On the other hand, there is the part not suitable for public viewing or primetime dramatisation– the part that occurs after the gripping drama of deliberation and rendering of the verdict has already been played out, and there is no longer any compelling reason to stay invested in the characters. The judges and lawyers go on to play in other dramas, the members of the jury return to their homes to resume watching television, while the convict is destined to live out the repercussions of the public chapter of his brush with justice, but now hidden away beyond the limits of the polis, and thus, in a literal sense, depoliticised: removed from the concern of the community, ejected into a black hole.

While the industrial slaughterhouse ensures that we need only be exposed to meat after it has been de-animalised and transformed into a commodity, the industrial prison ensures that we need not be exposed to the ultimate product of the justice of the courtroom, namely, to the human being who has been dehumanised and warehoused as a commodity. In both cases, what we are sheltered from is an unbearable transformation, a transformation that many of us are happy to permit to go on on a massive scale even if we would not authorise it for any particular case.
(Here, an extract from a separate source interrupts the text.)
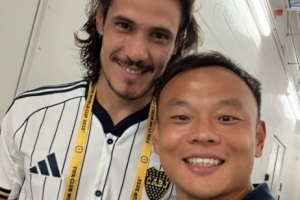 周通在社媒曬出了參加這屆世俱杯的照片并配文寫道: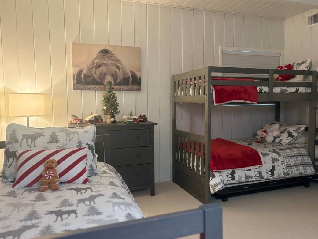Downstairs is the bunkroom, bathroom, and family room.

The slaughterhouse worker and the prison guard alike are charged with the task of transforming a morally relevant creature into a morally irrelevant thing. And both are thereby stained in a similar way– how many tough-on-crime carnivores would want either of them over to dinner with the family? (What is said of prison guards here is of course a fortiori the case for those guards who work on death row. In a sense, they make the comparison between the slaughterhouse and the prison more than just a comparison. But we will leave capital punishment for another article.) For however streamlined this process is, however thick the rule-books are that see to the maintenance of strict hygiene standards and rigid adherence to procedure, the great majority of us still sense that something abhorrent is going on.

I would not prefer that we return to the occasional public beheading. But in defense of these it is worth noting that they would be far more economical, they would harm fewer people, and they would be honest about what punishment is, rather than concealing it beyond city limits behind anonymous grey walls, in much the same way that the slaughter of a lamb at a market stall is more honest about the nature of meat-eating than a slice of lamb wrapped in cellophane at a supermarket.

What I would prefer is a return to the hope expressed by the Quakers that some members of society might genuinely and earnestly be able to help others, that, contra Foucault, not every instance of do-gooding is a thinly veiled maneuver for power and domination. For what the abandonment of the hope of helping others through correction’ (an admittedly awkward choice of terms) has brought us is sheer power and domination over warehoused subjects, no longer veiled by the claim to hope to improve their moral character. I would prefer an admittedly largely hypocritical system that claims to be interested in helping its prisoners and occasionally –in spite of the cynicism of Foucault, and because of the sincerity of groups like the Quakers– just occasionally, in fact does help them.